Member Reviews

Thanks to NetGalley and Knopf for the ARC!
I loved this collection. I was reminded of poems by Li-Young Lee and Louise Glück—the way small moments become sacred if they are treated as such.
Intimacy is often built on imagined shared futures—the closeness afforded by co-creating the world. Michael Ondaatje's "A Year of Last Things" instead reflects on the intimacy of shared histories, both real and imagined.
The resulting poems are quiet as everything other than love becomes non-essential. Time is merely an approximation, and the fact of what happened matters less than its emotional truth. As such, eros hums just beneath the surface of every line, often in unexpected ways. These are some of the most romantic poems I’ve read in a long time. Consider, for example, the following stanza from “The Then”:
"All that history until we met
in furious chaos when I loved first
your face, then loved how you
had become what you were"
In the way that it’s impossible to fully understand home without traveling, the collection hones in on its intimacies by constantly expanding its globetrotting scope. The landscape becomes so cluttered with significant sites that the poems become displaced—they could only be a sort of dream. Similarly, the constant appearance of other artists and historical figures calls attention to the narrator’s preoccupation with memory. Who are these people apart from how they are remembered? Who are we aside from our relationships with others?
I think the following line from the prose poem “Winchester House” conveys the clearest picture of the book’s impetus:
"It was that further intimacy that comes with trusting a fiction, a non-personal truth, going towards what you do not yet know. You will not even remember writing it."
Ultimately, this is a collection that feels like someone quietly recalling their life while sharing stories on a porch. These are moments that have been told and re-told, and nothing is lost by re-mediating life through memory. Instead, it all becomes a little truer with each iteration.
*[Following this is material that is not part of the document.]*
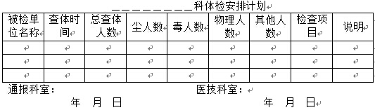 8.确定的体检计划,同时以书面形式向相关医技科室、车辆安排部门通报。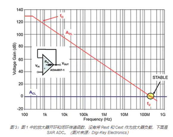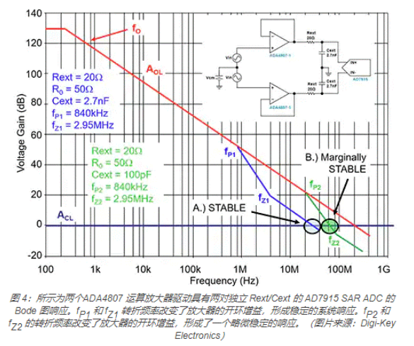 如图 4 所示,由于电路在初始采集时 ADC 的电容负载和 ADC 的开关电荷注入,有可能发生振荡。Rext/Cext 放大器输出元件所产生的额外极点和零点保证了系统稳定,所以开环和闭环增益曲线交点大于 20dB/ 十倍频程,使相位裕度小于 45°。这种配置与 fP2 和 fZ2 一起构成一个不稳定电路。

Although I've never read any of Michael Ondaatje's novels, I know they're very famous and highly praised. So it's a little funny how out of *all* the novels he's written, the first thing I've ever read from him is this poetry collection.
Overall, I adore this collection. The opening poems "Lock," "Definition," and "5 A.M" are stunning. We follow Ondaatje through his youth and through his travels, through the poems he half remembers and through the people he fell in love with. There is a nostaglic air to everything, making the whole collection seem like a wise old man telling stories about his well-lived life. However, some of the poems were clunky, perhaps due to Ondaatje's relative inexeperience to this form of writing. A wonderful, tender read nonetheless.
Thank you to NetGalley and Knopf for my eARC. All thoughts were my own.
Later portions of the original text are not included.